### [Material for this exercise]
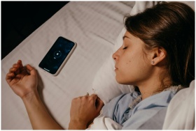 A woman sleeping peacefully with a smartphone on t
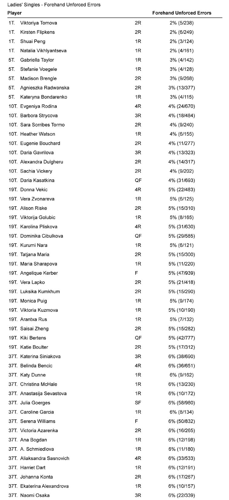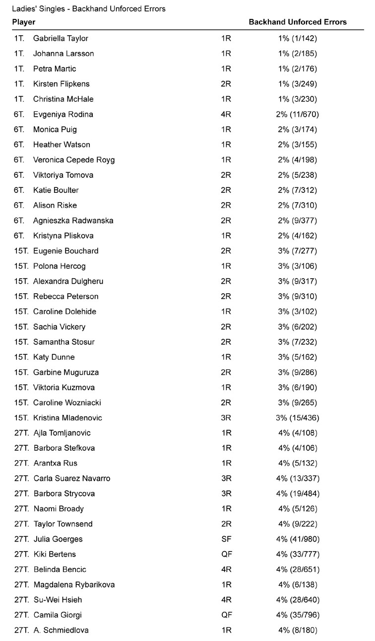 Infine gli errori non forzati di rovescio. Di tutte le statistiche è quella per me più inattesa. Tra chi è arrivata come minimo al quarto turno comanda ancora Rodina, ma poi è addirittura seguita da Goerges e Bertens (4%, come Giorgi) che in questo torneo non hanno regalato nulla di rovescio, il loro colpo storicamente più debole. Un elemento in più per capire come abbiano potuto raggiungere il miglior risultato di carriera in questi Championships.
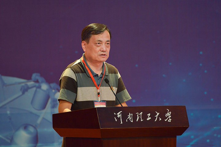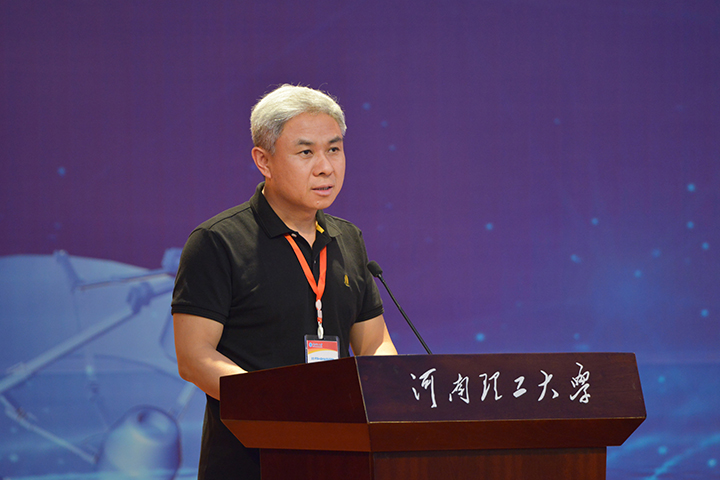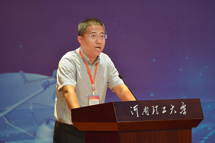 河南省测绘学会测绘教育与科普工作委员会主任委员、战略支援部队信息工程大学地理空间信息学院教科处处长阎晓东致开幕辞
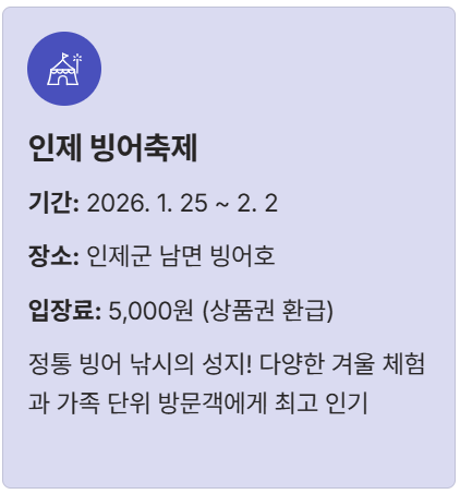 | 인제 빙어축제 | 2026. 1. 25. ~ 2. 2. (예정) | 인제군 남면 부평리 빙어호 일원 | 5,000원 (상품권 환급) |
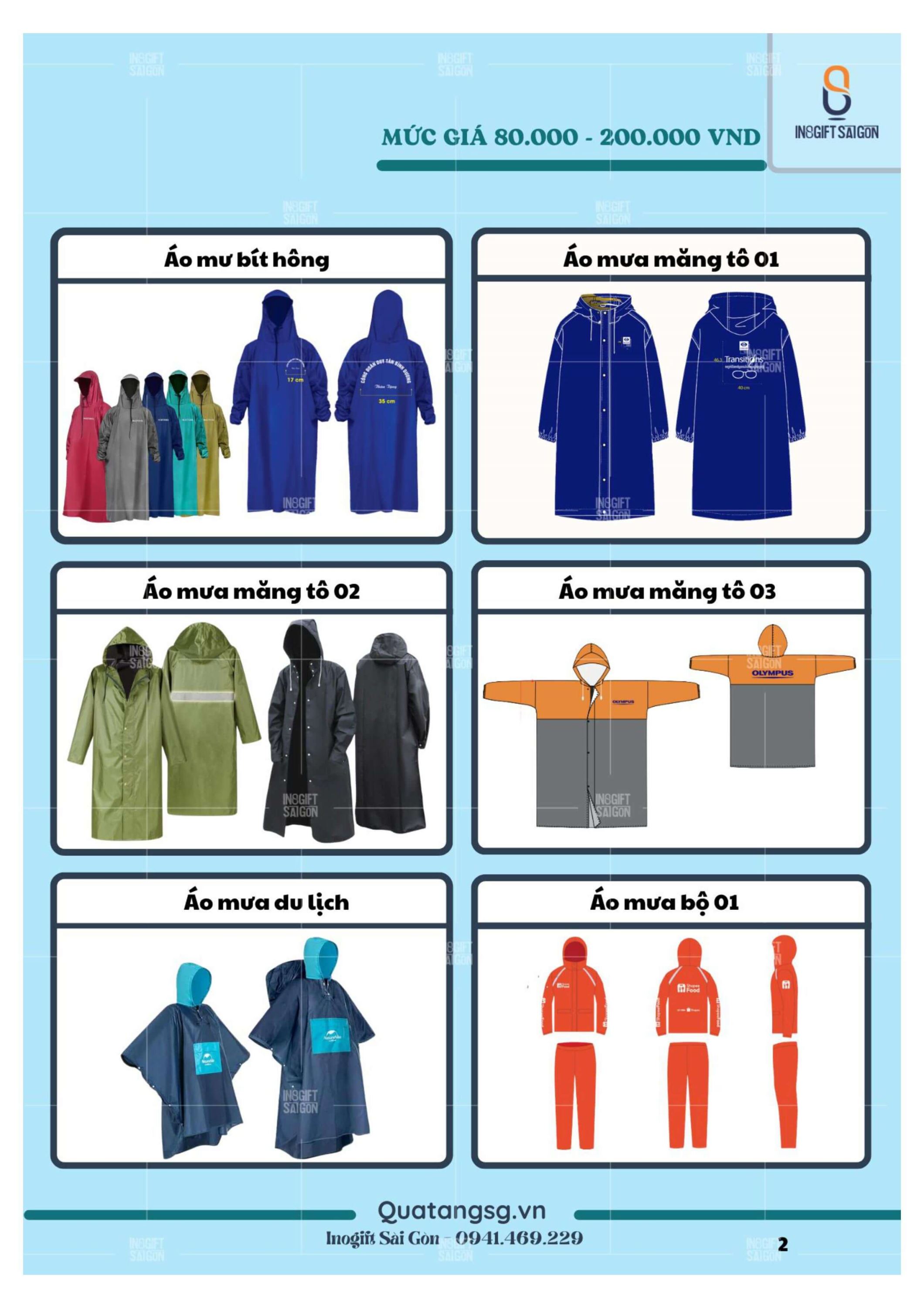 Các loại áo mưa in logo phổ biến tại INOGIFT SÀI GÒN
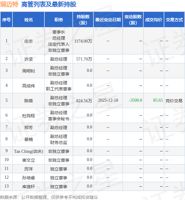 瑞迈特的高管列表及最新持股情况如下:
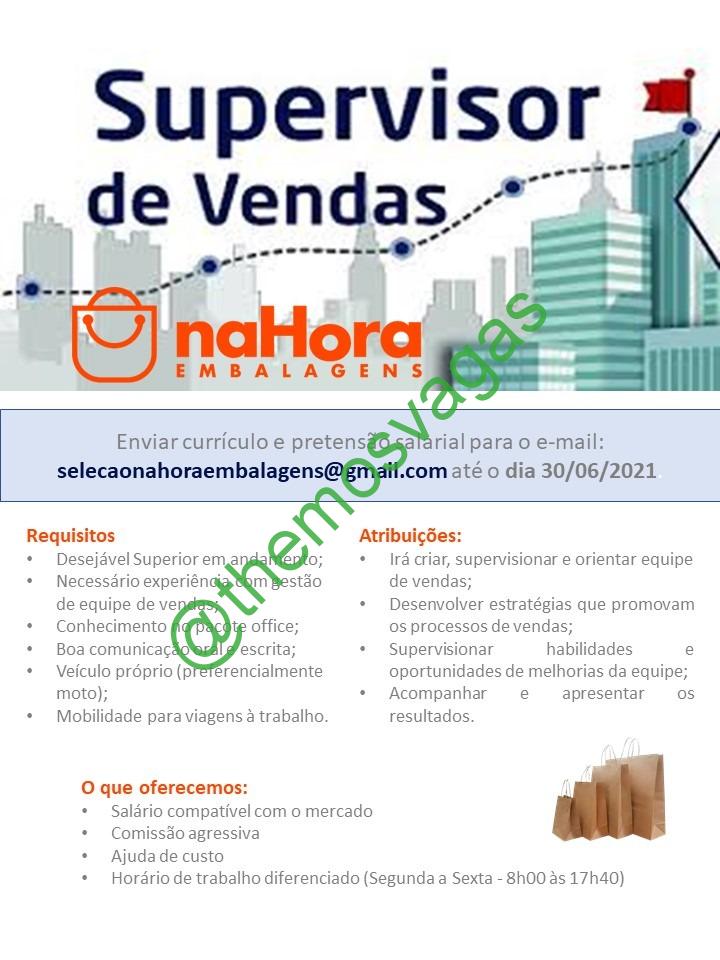 – Interessados(as) e que atendam ao perfil solicitado acima, devem enviar o currículo até 30/06/2021 para o e-mail selecaonahoraembalagens@gmail.com, contendo no titulo/assunto “Supervisor de Vendas – FOR”.
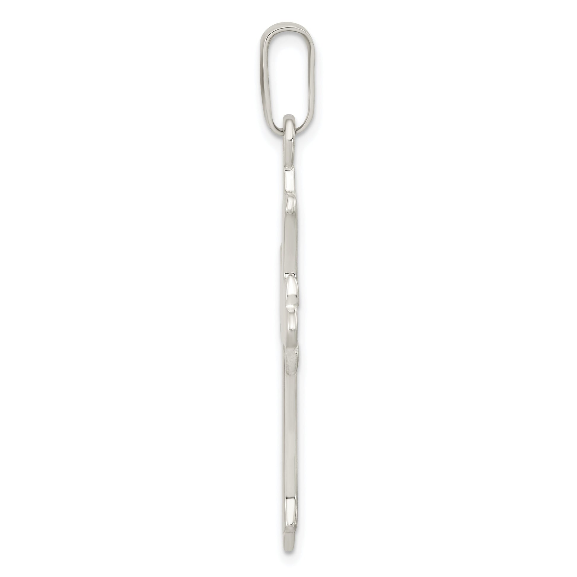 The Sterling Silver Polished Textured Cross Pendant offers a stunning blend of elegance and craftsmanship. Made from 925 sterling silver, it features a polished finish and a striking textured design. With a cross measuring 33.53 mm in length and 25.2 mm in width, this pendant stands out elegantly. The piece includes an anti-tarnish coating to maintain the silver's brilliant shine. Its solid construction ensures durability, while the flat back design offers comfort. The Sterling Silver Polished Textured Cross Pendant is an exquisite choice, whether for everyday wear or special occasions.
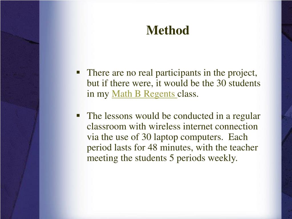 Method • There are no real participants in the project, but if there were, it would be the 30 students in my Math B Regents class. • The lessons would be conducted in a regular classroom with wireless internet connection via the use of 30 laptop computers. Each period lasts for 48 minutes, with the teacher meeting the students 5 periods weekly.
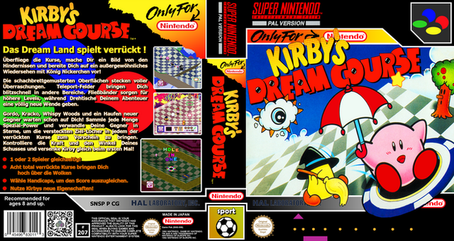 RCC clean cover for Kirby’s Dream Course (SNSP P CG) by Nintendo.Those covers were created via GIMP and are meant to be used with Retro Cartridge Cases (www.startnext.com/rcc ). When the RCC are available, all covers will be released to the public.
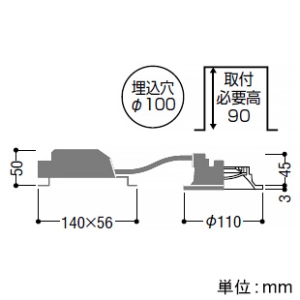 ●サイズ(mm):幅 φ110、出幅 3、埋込高 45
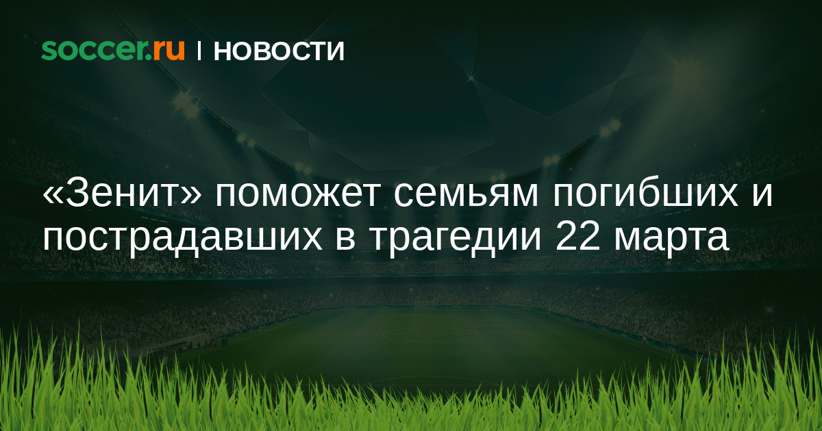 Пресс-служба «Зенита» сообщает, что клуб поможет семьям погибших и пострадавших в трагедии 22 марта.
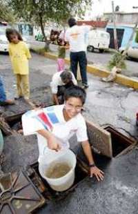 En Santa Cruz Meyehualco, delegaci�ztapalapa, los colonos se han surtido durante varios d� de las tomas de agua que est�en las calles FOTO Alfredo Dom�uez
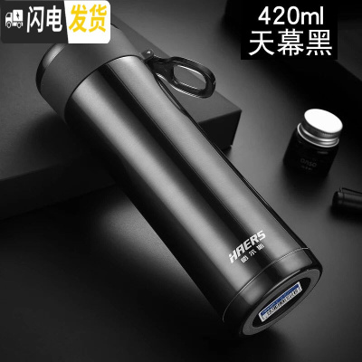 三维工匠304不锈钢保温杯ins男女简约清新商务泡茶杯学生便携水杯子 天幕黑
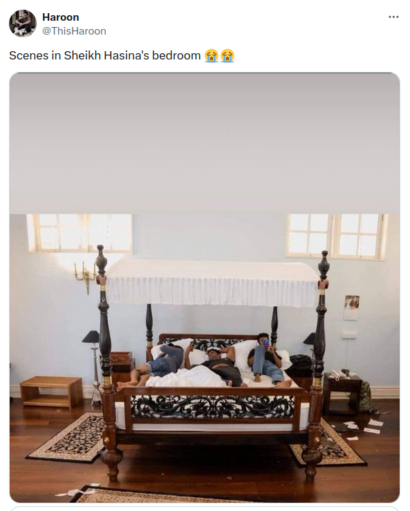 Real Photo of Protesters Relaxing on Bangladeshi Prime Minister Sheikh Hasina's Bed?
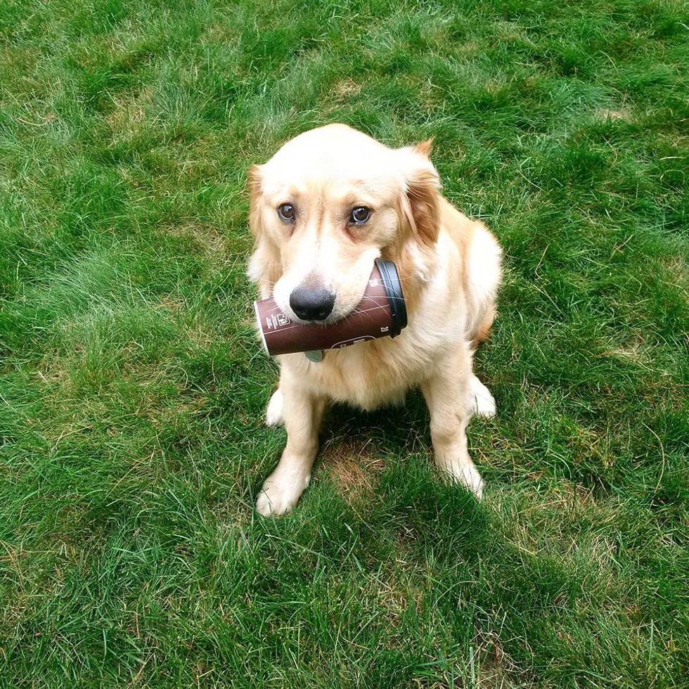Every Golden retriever owner has a long list of ridiculous stories about their dog's shenanigans. My dog has an acquired taste for my dad's leftover coffee!
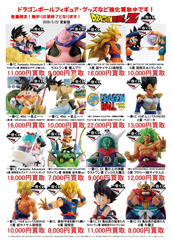 ドラゴンボールフィギュア買取告知更新しました! ※2026/3/22現在の価格となります。 在庫状況などによってお値段が変動いたします。予めご了承ください。 **************** こちら↓もぜひチェックしてみ…
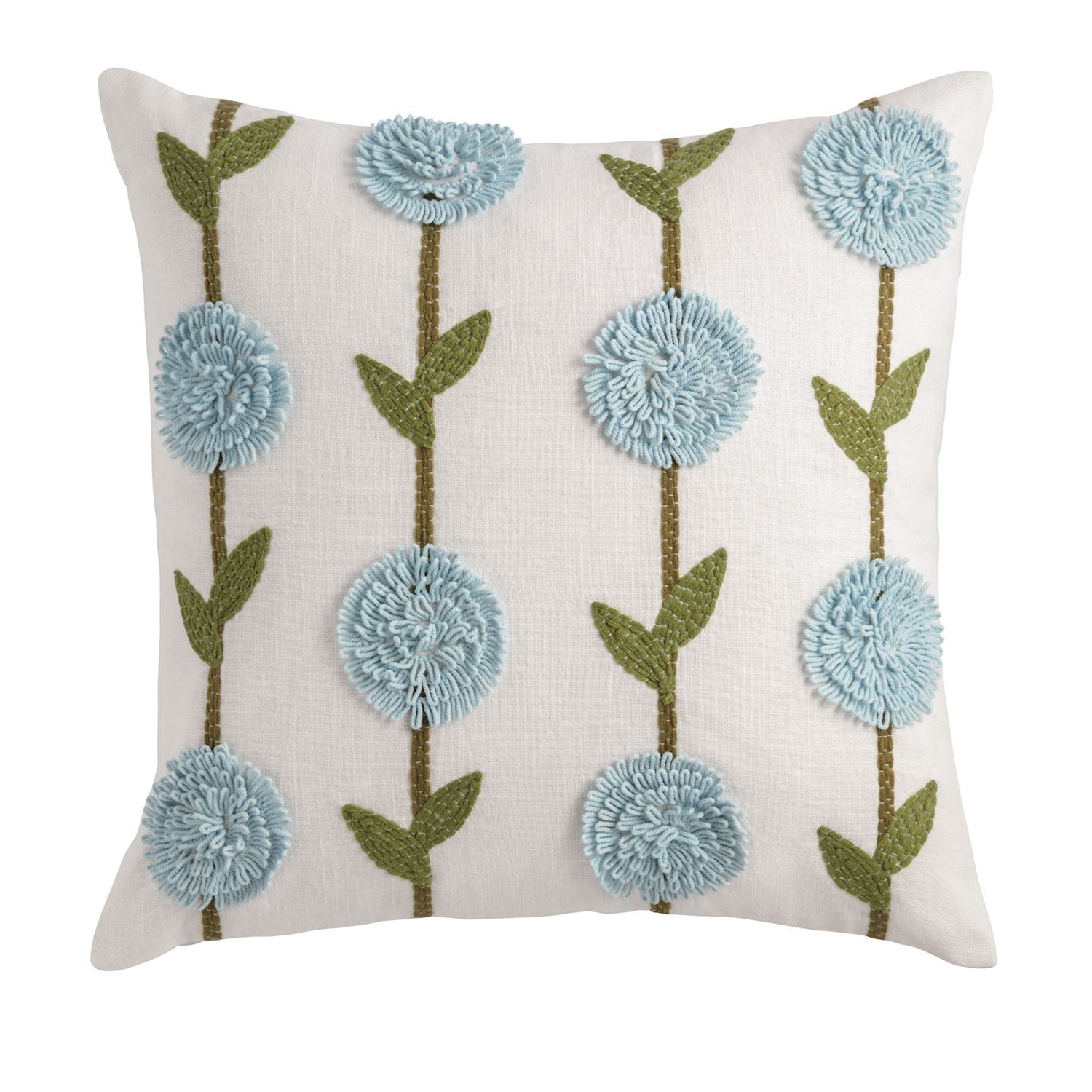 Embroidered cotton pillow with colored canvas backing. Zipper closure
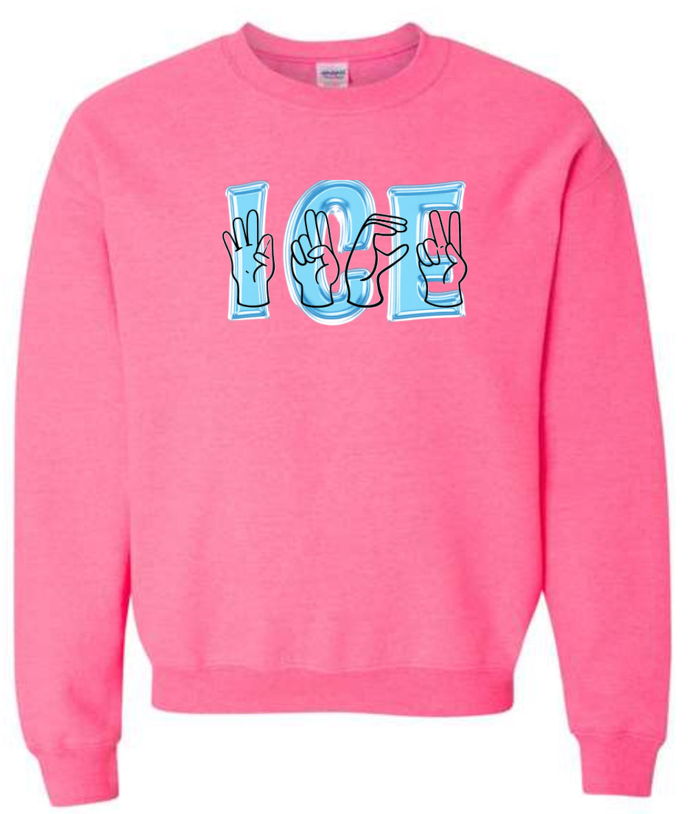 F*** (in sign language) ICE. 20% of proceeds of this product will be donated to Illinois Coalition for Immigrant and Refugee Rights.
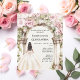 A large marble arch decorated with pink florals. A girl with a white dress.

### [What you have to do]
Though the entries above contain pictures, none should be copied; reproduce only the lines between the one holding "5,000원 (상품권 환급) |" and the one holding "Embroidered cotton pillow", inclusive, exactly as written.

### [Finished exercise]
 | 인제 빙어축제 | 2026. 1. 25. ~ 2. 2. (예정) | 인제군 남면 부평리 빙어호 일원 | 5,000원 (상품권 환급) |
 Các loại áo mưa in logo phổ biến tại INOGIFT SÀI GÒN
 瑞迈特的高管列表及最新持股情况如下:
 – Interessados(as) e que atendam ao perfil solicitado acima, devem enviar o currículo até 30/06/2021 para o e-mail selecaonahoraembalagens@gmail.com, contendo no titulo/assunto “Supervisor de Vendas – FOR”.
 The Sterling Silver Polished Textured Cross Pendant offers a stunning blend of elegance and craftsmanship. Made from 925 sterling silver, it features a polished finish and a striking textured design. With a cross measuring 33.53 mm in length and 25.2 mm in width, this pendant stands out elegantly. The piece includes an anti-tarnish coating to maintain the silver's brilliant shine. Its solid construction ensures durability, while the flat back design offers comfort. The Sterling Silver Polished Textured Cross Pendant is an exquisite choice, whether for everyday wear or special occasions.
 Method • There are no real participants in the project, but if there were, it would be the 30 students in my Math B Regents class. • The lessons would be conducted in a regular classroom with wireless internet connection via the use of 30 laptop computers. Each period lasts for 48 minutes, with the teacher meeting the students 5 periods weekly.
 RCC clean cover for Kirby’s Dream Course (SNSP P CG) by Nintendo.Those covers were created via GIMP and are meant to be used with Retro Cartridge Cases (www.startnext.com/rcc ). When the RCC are available, all covers will be released to the public.
 ●サイズ(mm):幅 φ110、出幅 3、埋込高 45
 Пресс-служба «Зенита» сообщает, что клуб поможет семьям погибших и пострадавших в трагедии 22 марта.
 En Santa Cruz Meyehualco, delegaci�ztapalapa, los colonos se han surtido durante varios d� de las tomas de agua que est�en las calles FOTO Alfredo Dom�uez
 三维工匠304不锈钢保温杯ins男女简约清新商务泡茶杯学生便携水杯子 天幕黑
 Real Photo of Protesters Relaxing on Bangladeshi Prime Minister Sheikh Hasina's Bed?
Every Golden retriever owner has a long list of ridiculous stories about their dog's shenanigans. My dog has an acquired taste for my dad's leftover coffee!
 ドラゴンボールフィギュア買取告知更新しました! ※2026/3/22現在の価格となります。 在庫状況などによってお値段が変動いたします。予めご了承ください。 **************** こちら↓もぜひチェックしてみ…
 Embroidered cotton pillow with colored canvas backing. Zipper closure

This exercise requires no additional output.